# Exercise directions:
Return each line of the listing in which the word "This" appears.

# Supplied material:
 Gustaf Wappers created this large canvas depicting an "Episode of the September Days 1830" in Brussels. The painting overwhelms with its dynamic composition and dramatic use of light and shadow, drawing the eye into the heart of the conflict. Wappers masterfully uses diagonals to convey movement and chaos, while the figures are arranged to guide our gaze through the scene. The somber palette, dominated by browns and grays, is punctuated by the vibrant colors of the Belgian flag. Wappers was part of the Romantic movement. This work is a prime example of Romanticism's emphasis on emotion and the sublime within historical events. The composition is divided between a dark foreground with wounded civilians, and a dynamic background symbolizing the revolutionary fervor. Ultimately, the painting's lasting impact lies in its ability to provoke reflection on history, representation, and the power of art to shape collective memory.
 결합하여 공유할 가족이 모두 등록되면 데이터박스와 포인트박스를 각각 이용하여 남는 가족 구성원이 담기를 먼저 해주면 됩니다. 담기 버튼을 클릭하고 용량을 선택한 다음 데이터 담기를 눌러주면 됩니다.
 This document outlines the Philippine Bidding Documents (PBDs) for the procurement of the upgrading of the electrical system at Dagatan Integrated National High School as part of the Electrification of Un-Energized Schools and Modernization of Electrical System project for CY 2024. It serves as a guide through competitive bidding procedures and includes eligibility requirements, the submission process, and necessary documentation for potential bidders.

...

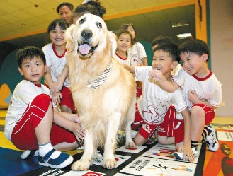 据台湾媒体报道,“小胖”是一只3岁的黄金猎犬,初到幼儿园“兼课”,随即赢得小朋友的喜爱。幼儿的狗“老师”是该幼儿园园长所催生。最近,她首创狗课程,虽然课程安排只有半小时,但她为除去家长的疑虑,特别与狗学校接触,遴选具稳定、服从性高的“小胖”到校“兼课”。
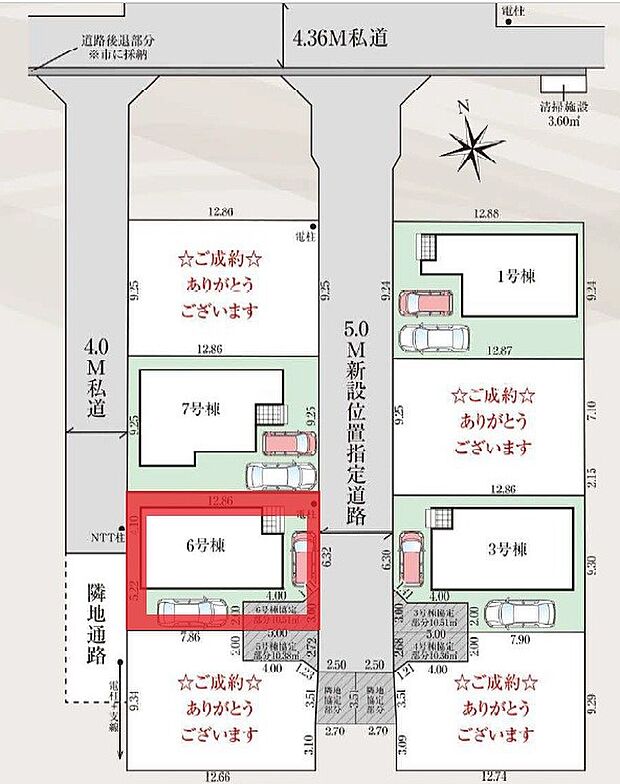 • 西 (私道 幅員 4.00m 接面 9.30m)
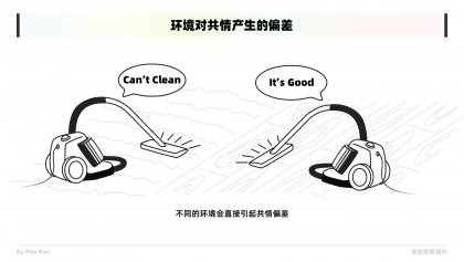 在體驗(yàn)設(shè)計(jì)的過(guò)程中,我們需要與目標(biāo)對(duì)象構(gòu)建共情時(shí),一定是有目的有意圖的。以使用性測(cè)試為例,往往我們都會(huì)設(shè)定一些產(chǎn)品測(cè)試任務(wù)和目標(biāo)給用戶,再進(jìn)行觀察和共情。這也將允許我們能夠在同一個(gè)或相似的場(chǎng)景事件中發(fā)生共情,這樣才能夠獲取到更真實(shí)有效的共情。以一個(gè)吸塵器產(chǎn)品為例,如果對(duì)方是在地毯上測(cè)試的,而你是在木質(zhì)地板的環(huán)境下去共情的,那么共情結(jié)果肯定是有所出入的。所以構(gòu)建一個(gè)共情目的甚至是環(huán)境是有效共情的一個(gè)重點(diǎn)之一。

# Answer box:
 Gustaf Wappers created this large canvas depicting an "Episode of the September Days 1830" in Brussels. The painting overwhelms with its dynamic composition and dramatic use of light and shadow, drawing the eye into the heart of the conflict. Wappers masterfully uses diagonals to convey movement and chaos, while the figures are arranged to guide our gaze through the scene. The somber palette, dominated by browns and grays, is punctuated by the vibrant colors of the Belgian flag. Wappers was part of the Romantic movement. This work is a prime example of Romanticism's emphasis on emotion and the sublime within historical events. The composition is divided between a dark foreground with wounded civilians, and a dynamic background symbolizing the revolutionary fervor. Ultimately, the painting's lasting impact lies in its ability to provoke reflection on history, representation, and the power of art to shape collective memory.
 This document outlines the Philippine Bidding Documents (PBDs) for the procurement of the upgrading of the electrical system at Dagatan Integrated National High School as part of the Electrification of Un-Energized Schools and Modernization of Electrical System project for CY 2024. It serves as a guide through competitive bidding procedures and includes eligibility requirements, the submission process, and necessary documentation for potential bidders.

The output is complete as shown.